MOOD: onigiri- terrified (Terrified)
Quote Of The Day: “I don’t know how I feel.” -Ranjiba

[Backtrack Post]

Kenny’s interview is tomorrow and I’m feeling really anxious. No, no. Its not excitement, its legit anxiety. I’m nervous. I’m not nervous that he’ll fail. I’m nervous that he’ll pass. Isn’t that just evil? But its truly how I feel! I don’t feel ready to have him move here. I don’t feel ready to give up this peace and quiet and great relationship that reason A and I have built up since the cats have come. I don’t want to give any of it up!! Minus the work drama situation, I am in a really good place now and I wanna keep it that way! I know him coming will mean lots of drama, tension and awkward moments between him and reason A and I’ll be stuck in the middle of that and I am so emotionally and mentally spent that I don’t think I can take on such a challenge.

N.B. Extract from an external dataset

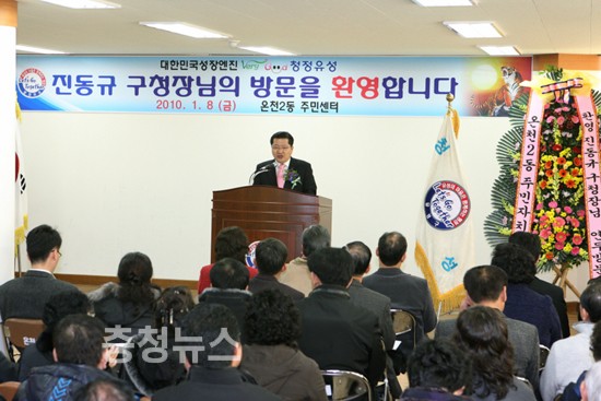 8일 온천2동 주민센터를 연두방문한 진동규 유성구청장은 “온천2동은 유성의 과거와 현재 미래가 공존하는 지역으로 10년내 유성의 중심축으로 발전할 것”이라며 “역동적인 진품 도시, 더욱 빛나는 청정유성 건설을 위해 다 함께 노력하자”고 주문했다.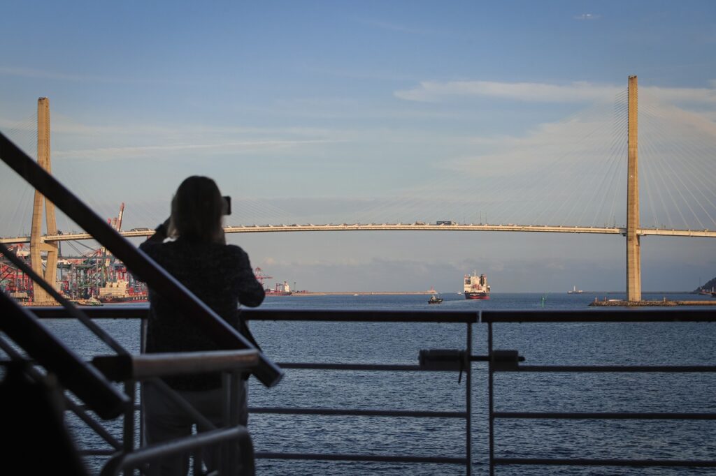 ▸長崎港の入港・出港時には、「女神大橋」をくぐる瞬間だけでなく、長崎港の玄関口にある「岬のマリア像」をお見逃しなく

Honestly deep down inside I think I gave up a long time ago. I’m really trying very hard to force myself to go through with this, but I regret it on a daily basis and I’m only going along with it cuz its what I “should do” at this point in time and I’m way too invested in it to put down my pride and say I made the wrong decision and I can’t live with reason A telling me for the rest of my life “I told u so”. I feel like I’m stuck between a rock and a hard place and I’m on autopilot now. I don’t want to feel this way but I do.